Descrito pelo Hollywood Reporter como «um dos menos ortodoxos títulos» a apresentar-se na secção «Un Certain Regard», trata-se de uma «mistura ligeiramente dramatizada de facto, ficção e estudo de campo antropológico».

O filme foi rodado durante nove meses, em 16mm, sem equipa, na aldeia Pedra Branca, no estado de Tocantins, no Brasil. «Não há espíritos ou cobras esta noite e a floresta em redor da aldeia está sossegada. Ihjãc, de 15 anos, tem pesadelos desde que perdeu o pai. É um Krahô indígena do norte do Brasil. Ihjãc caminha pela escuridão, o seu corpo suado move-se com receio. Um cântico distante atravessa as palmeiras. A voz de seu pai chama por ele através da cascata: é hora de organizar o festim funerário para que o espírito possa partir para a aldeia dos mortos. O luto deve cessar», pode ler-se na sinopse disponibilizada pelo festival.

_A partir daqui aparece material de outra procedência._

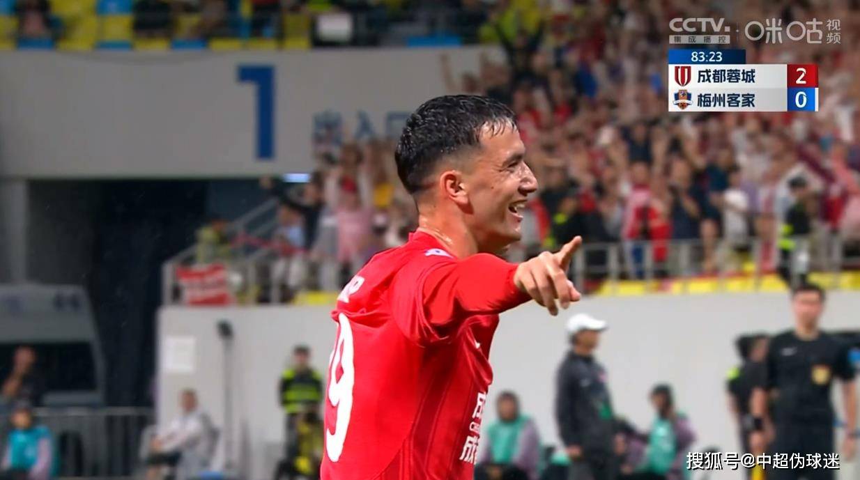 第83分钟,在梅州客家换上外援外援准备反扑之时,成都蓉城创造出机会,莱切特右路精准传中,木塔力甫禁区后点凌空打门得手,帮助成都蓉城2-0领先,比赛悬念也就此被彻底杀死。
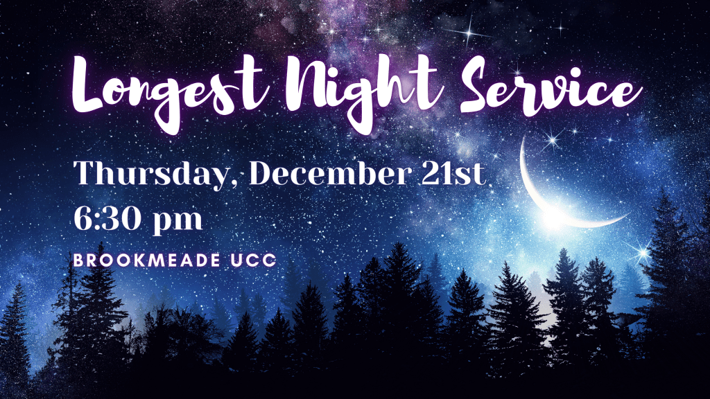 On Thursday, December 21st, the longest time of darkness during the year, the winter solstice, we will share a Longest Night service at Brookmeade. At 6:30 pm we will gather in the sanctuary for a service of reflection and contemplation. In a season where the focus is joy and celebration (even as we wait), most of us struggle this time of year with something. This is the service where we acknowledge that we are not alone in our need for some relief from the peer pressure to “rejoice” and instead have some time just to be, to feel, to lament. Come, join us as we experience the darkness and find that hope exists there too. All are encouraged to attend, and anyone is welcome.

O texto acrescenta: «Negando o seu dever e para poder escapar o processo crucial de se tornar um xamã, Ihjãc foge para a cidade. Longe do seu povo e da sua cultura, enfrenta a realidade de ser um indígena no Brasil contemporâneo».

«Chuva é cantoria na aldeia dos mortos» foi produzido por Ricardo Alves Jr. e Thiago Macêdo Correia, da produtora Entre Filmes, sediada em Minas Gerais, em coprodução com a portuguesa Karõ Filmes e com a Material Bruto, de São Paulo.